Meg Root by Meg Root

February is Heart Disease Awareness Month. Though most women know what they need to do to live healthier lives, many report that family, caretaking responsibilities, fatigue and lack of personal time keeps them from making wellness a priority. Learn why making self-care a priority might just be the most important thing you do for both your heart health and your overall quality of life.

Unfortunately, knowledge does not always translate into action. Though well-schooled in what is necessary to live healthier lives, many women report that family, caretaking responsibilities, fatigue and lack of personal time keeps them from making wellness a priority (Mosca et al., 2011). We are fearless caregivers and often put the needs of others ahead of our own until we are compelled into action by a serious health crisis. The prevention piece to heart health will always be problematic until we recognize how important it is and begin to make self-care a priority.

Michelle Segar, Ph.D., addresses this issue in her book, No Sweat: How the Simple Science of Motivation Can Bring You a Lifetime of Fitness. She offers an empowering message that self-care is not “selfish.” Instead, it is the fuel that allows us to be there more fully for the people and causes we care deeply about. Segar highlights the promising paradox of self-care by sharing, “The more energy you give to caring for yourself, the more energy you have for everything else” (Segar, 2015).

According to Segar, giving yourself “permission” to carve out time in your day for healthy activities such as regular exercise is the key mindset shift necessary for taking bold first steps toward daily self-care. The practice of permission empowers you to take back control of your choices and connects you with meaningful and motivating reasons for seeking and maintaining good health. What once seemed like a chore or additional commitment to your already overstuffed schedule, becomes a “gift” you give yourself and the people in your life you care deeply about (Segar, 2015).

Putting yourself first may feel uncomfortable initially, but as you reap the physical and emotional rewards of a healthy lifestyle, your confidence and motivation to make changes will grow. Try on these five ideas for practicing permission this month and begin to feel the transformative benefits of self-care. Give yourself:

  • Permission to claim health and happiness as your birthright. Feeling worthy of the full potential of your life will give you the spark of courage needed to create space and time in your busy schedule to manifest the healthy life you deserve. Try creating a wellness mantra such as “My health and life are important” to move past initial feelings of fear and self-doubt.
  • Permission to prioritize your daily schedule around self-care. Positioning your needs higher on your to-do list recognizes the benefits of recharging your body, mind and spirit so you can be there more fully for yourself and others.

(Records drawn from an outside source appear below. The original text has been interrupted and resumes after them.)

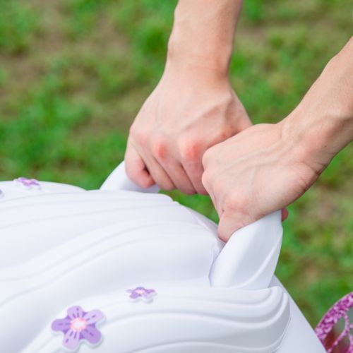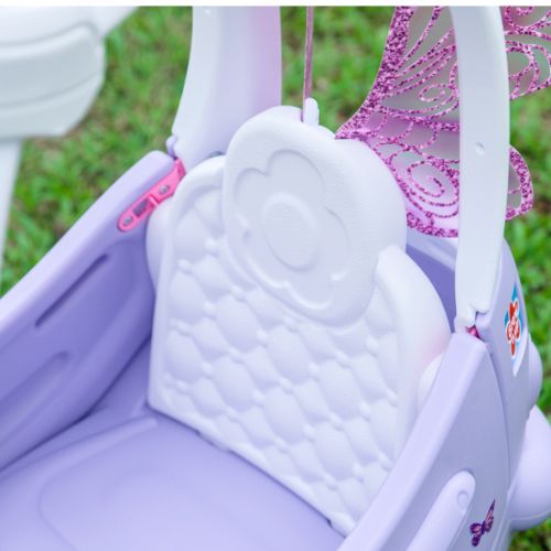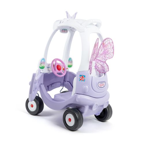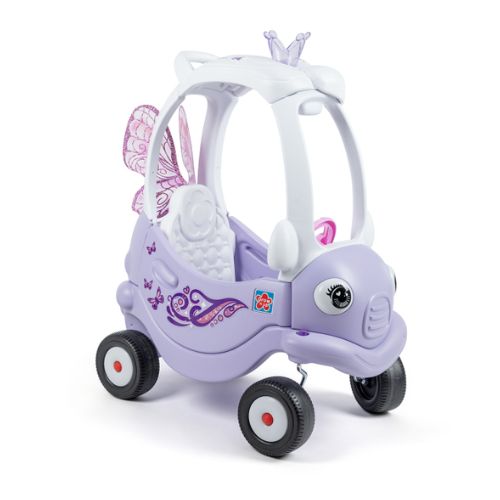 Cupé con temática de hadas y corona brillante. Las ruedas delanteras giran 360 grados para una fácil maniobrabilidad y un control total. Un mango de empuje controlado por un adulto. Un asiento con respaldo alto y un espacio de almacenamiento en la parte trasera. 2 puertas funcionales con pestillos para mayor seguridad. Bocina funcional e interruptor de encendido con clic para simular conducir un automóvil real.
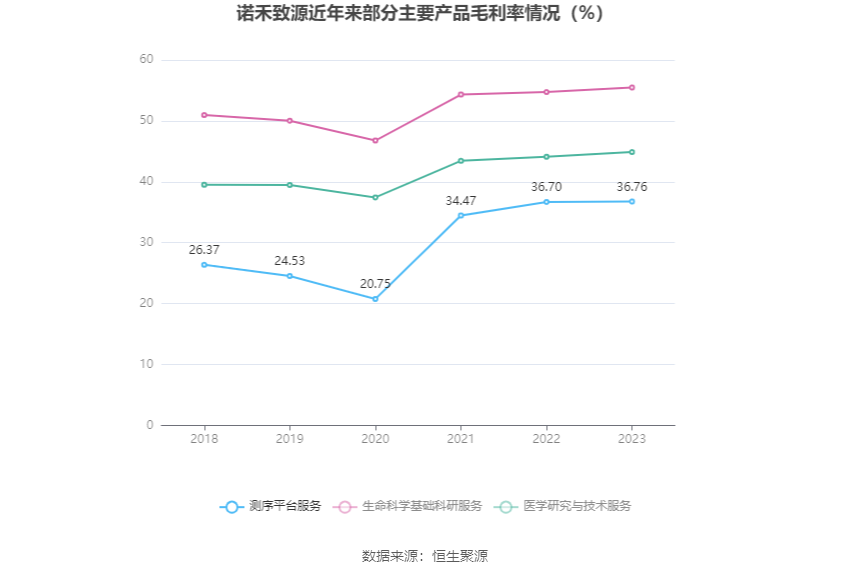 分产品看,测序平台服务、生命科学基础科研服务、医学研究与技术服务2023年毛利率分别为36.76%、55.48%、44.88%。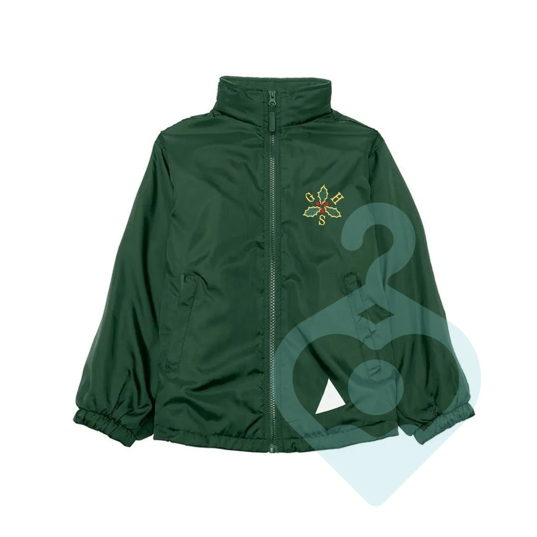 This garment has an embroidered school logo.
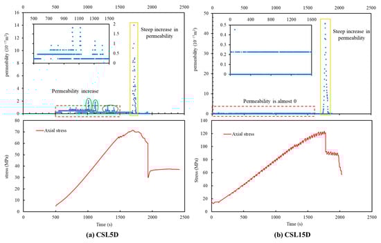 The permeability evolution curves of dry coal under two different confining pressures (5 MPa, 15 MPa) are shown in Figure 4. The permeability of the coal rock specimens under low confining pressure (5 MPa) is approximately 0.2 to 1 × 10−17 m2 during the early stage of loading. As the test proceeds, the axial stress gradually increases and several brief increases in permeability (marked by green circles) occur, increasing to 0.6–2 × 10−17 m2. Note that each brief increase in permeability is quickly followed by a decrease in the initial value before the increase. At the peak of the axial stress, the specimen breaks down and the permeability suddenly increases steeply (marked by the yellow rectangle), at which point the magnitude of the increase exceeds that of any previous increase (by an order of magnitude, with a maximum value of 14.03 × 10−17 m2), and as the test proceeds, the permeability quickly returns to its initial level at the post-peak stage of the test. Under high confining pressure (15 MPa), the permeability of the coal specimens ranged from roughly 0–0.23 × 10−17 m2. At the start of the loading, the initial permeability experienced a notable decrease compared to the conditions observed in the low-confining-pressure tests. As the test progressed and the axial stress gradually increased, the permeability remained relatively stable without significant changes. However, when the axial stress reached its peak, just before specimen fracture, the permeability exhibited a sudden steep increase (highlighted by the yellow rectangle) to a value of 44.81 × 10−17 m2. Following this sharp increase, the permeability quickly returned to the magnitude observed at the beginning of the test.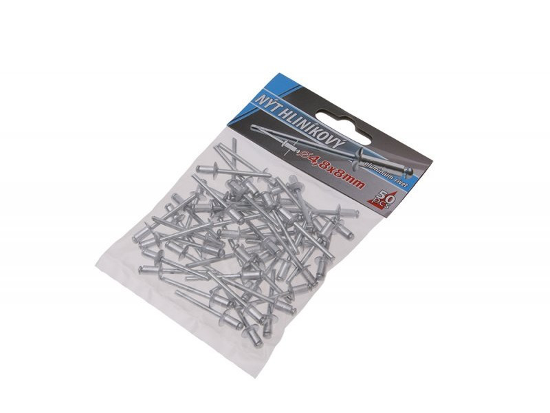 Klasszikus redőny alumínium szegecsek, átmérő 4,8 mm, hossza 8 mm, 50 db-os kis kiszerelésben, kisfogyasztóknak megfelelő.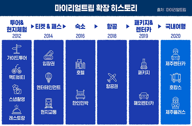 마이리얼트립 창업 당시는 정해진 일정대로 움직여야 하고 유명 관광지 위주로 방문하는 전형적인 패키지여행이 아닌, 자유여행의 형태로 해외여행을 떠나고자 하는 여행자의 수가 늘어나던 시기였다. 이런 상황에서 많은 여행사들이 자유여행자를 위한 상품을 보유하고는 있었으나, 이는 항공과 숙소 예약을 제공하는 서비스가 전부였고, 정작 여행에서 중요한 ‘현지에서 무엇을 할 것인지’에 대한 부분을 해결해주지는 못했다. 마이리얼트립은 이 부분에 착안하여 여행지 현지에서 즐길 수 있는 투어와 액티비티 상품들을 중개하는 서비스를 론칭했다.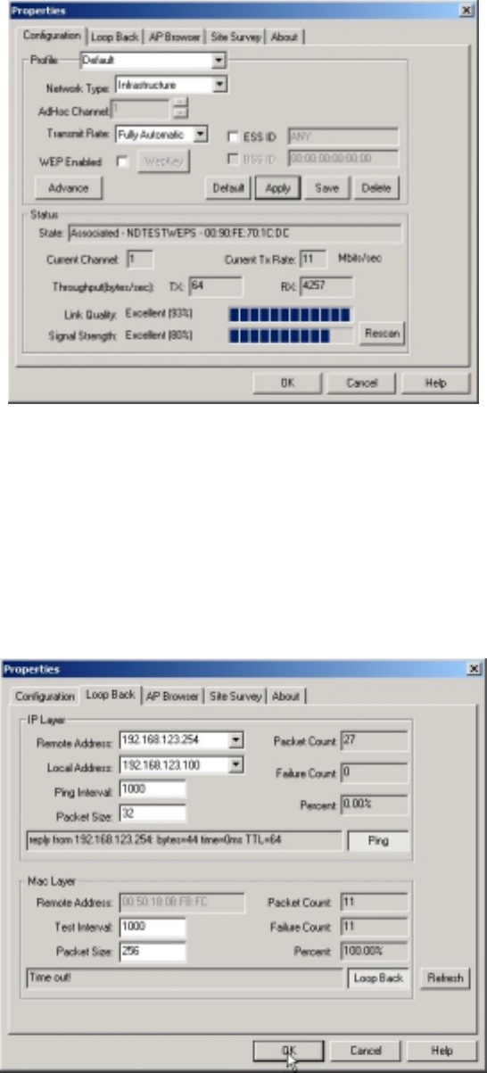 wireless LAN configuration, you may run the loopback test by click the Look back button to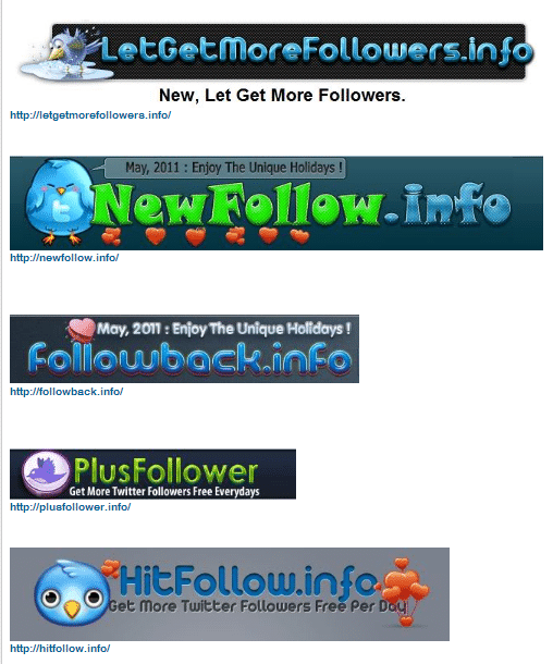 Desde hace mucho tiempo, Internet está lleno de mecanismos y páginas que supuestamente te ayudan a conseguir followers masivamente. De hecho, si escribes en Google «More followers on Twitter» tendrás un montón de opciones para lograrlo. Aquí te digo unas cuantas:

Try starting your day with a morning practice such as quiet meditation, journaling or exercise to validate your intention to make wellness a priority.
  • Permission to carve out time in your day for activities that are unique to “you.” Making time for personal interests and creative hobbies that bring joy and fulfillment to your life connects you with meaningful reasons to take better care of your health. Try reframing healthy habits such as exercise as vehicles that support deeper personal values such as a love of travel or a desire to live well into the freedom of your retirement years.
  • Permission to ask and accept help from others. Learning to effectively communicate your needs and accept help to lighten the load frees up precious time, energy and motivation to invest in health-enhancing activities. Try sharing your self-care intentions with important people in your life and asking for their support in your journey.
  • Permission to say “No” more liberally. Creating healthy boundaries around your time, energy and emotional well-being ensures there is something left in the “bank” for you. Try making a list of things in your life such as unhealthy habits and mindsets that no longer serve you, and then choose one to practice the art of saying “No.”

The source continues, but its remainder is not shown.